Illustrative of this distinction is Gasunie Waterstof Services B.V. (“GWS”), a company in the same group as national gas TSO, Gasunie Transport Services B.V. (“GTS”). GWS manages a hydrogen pipeline, transports hydrogen through this pipeline and has the ambition to develop and manage large-scale hydrogen infrastructure. On 2 April 2020, On 2 April 2020, the ACM adopted a commitment decision and suspended its investigation into a possible violation by GTS of article 10c of the Dutch Gas Act for allowing GWS to use the name and logos of GTS. GTS has a binding commitment to change the name and logo of GWS, which must ensure that GWS is not favoured by the use of the GTS logo and name, compared to private companies in competition with GWS.

On the basis of currently applicable legislation TSOs and DSOs are not allowed to act in the hydrogen market. Following the conclusion of the Climate Agreement (paragraph C5.7), the government has announced in its strategy document of 30 March 2020 that it aims to have a governmental decree (AMvB) ready in 2020, allowing TSOs and DSOs to cooperate with private parties in experimental projects concerning the transport and distribution of hydrogen.
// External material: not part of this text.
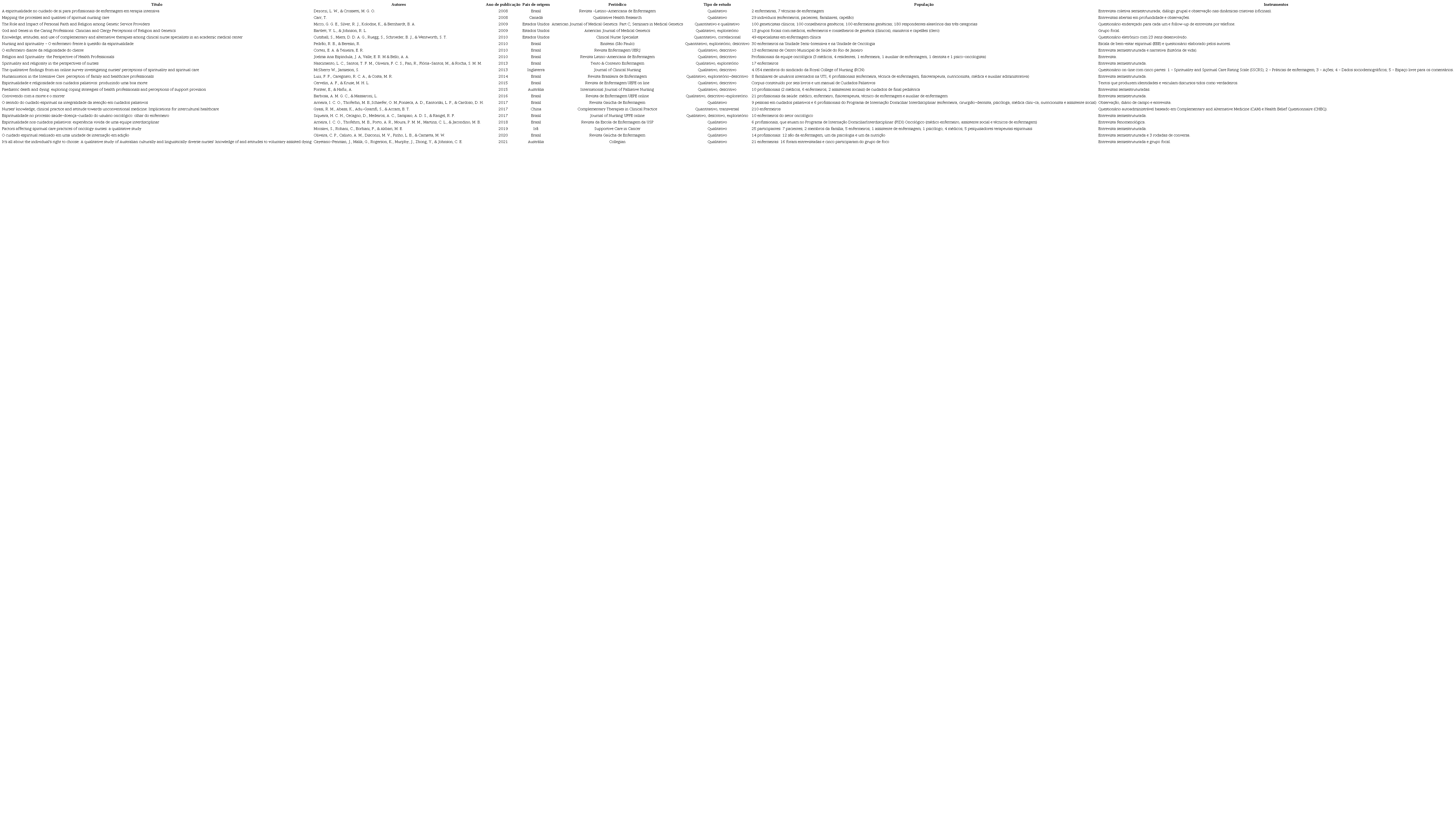 Results and Discussions: The corpus was composed of 21 studies, mostly qualitative studies (85,72%), with the first author from Brazil (57,15%). The R/S is present in nursing practice, so that some attitudes, dispositions, and behaviors seem indispensable for religious/spiritual care, and some contexts seem more conducive to such integration.

This decree will be adopted on the basis of the current Gas Act and is intended for 'temporary tasks'.

TSO and DSO Group Companies

At the request of the Minister, the Dutch energy regulator (Authority for Consumers and Markets (“ACM”)) published a consultation on a draft ACM guidance note

 (“Draft Guidance Note” Leidraad netwerkbedrijven en alternatieve energiedragers) on 24 March 2020, which concerns the activities of TSO and DSO Group Companies with regard to alternative energy carriers such as hydrogen, biogas, heat and cold under the current legal framework.

In the Draft Guidance Note, the ACM summarizes the rules as follows:

  1. TSO and DSO Group Companies may establish (aanleggen) and manage (beheren) infrastructure for alternative energy carriers.
  2. TSO and DSO Group Companies may transport alternative energy carriers over that infrastructure, but are not allowed to supply (leveren) or trade alternative energy carriers.
  3. TSO and DSO Group Companies may establish and manage, but not exploit (exploiteren), production and storage facilities for alternative energy carriers.

The ACM notes that the distinction between management and exploitation is not defined by law and will be assessed on a case-by-case basis.

The role which TSO and DSO Group Companies are allowed to play in the hydrogen sector seems to be considerably broadened in this Draft Guidance Note when compared to the role which TSOs and DSOs are allowed to play in the electricity and natural gas sectors. This is shown, for example, in the ACMs considerations concerning the management and exploitation (beheer en exploitatie) of hydrogen production infrastructure (paragraph 3.3 of the Draft Guidance Note).

The ACM states that TSO and DSO Group Companies may decide to jointly develop a hydrogen production project with a private party. The TSO or DSO Group Company is allowed to construct the electrolyser which will produce the hydrogen, but is not allowed to exploit it to produce hydrogen. A private party must produce hydrogen independently from the TSO or DSO Group Company and should bear the commercial risk in respect of the production and sale of hydrogen.

The TSO or DSO Group Company is not allowed to have an interest in the production of hydrogen. The TSO or DSO Group Company may thus not bear any commercial risk and may not have a positive or negative financial interest in the revenues of the produced hydrogen and the production volume as such.

In return for the ‘making available’ of production capacity, the TSO or DSO Group Company may charge management costs (beheerkosten) at a market-conform price, in line with the actual costs of the management of the infrastructure. The ACM prefers a fixed management fee, but depending on the circumstances, a variable fee linked to the produced volumes may be acceptable if the management costs are depending on the production volumes and these production volumes are difficult to predict.

These principles concerning construction, management and remuneration of hydrogen production projects also apply to hydrogen storage projects.

The deadline to respond to the Draft Guidance Note is Friday 24 April 2020.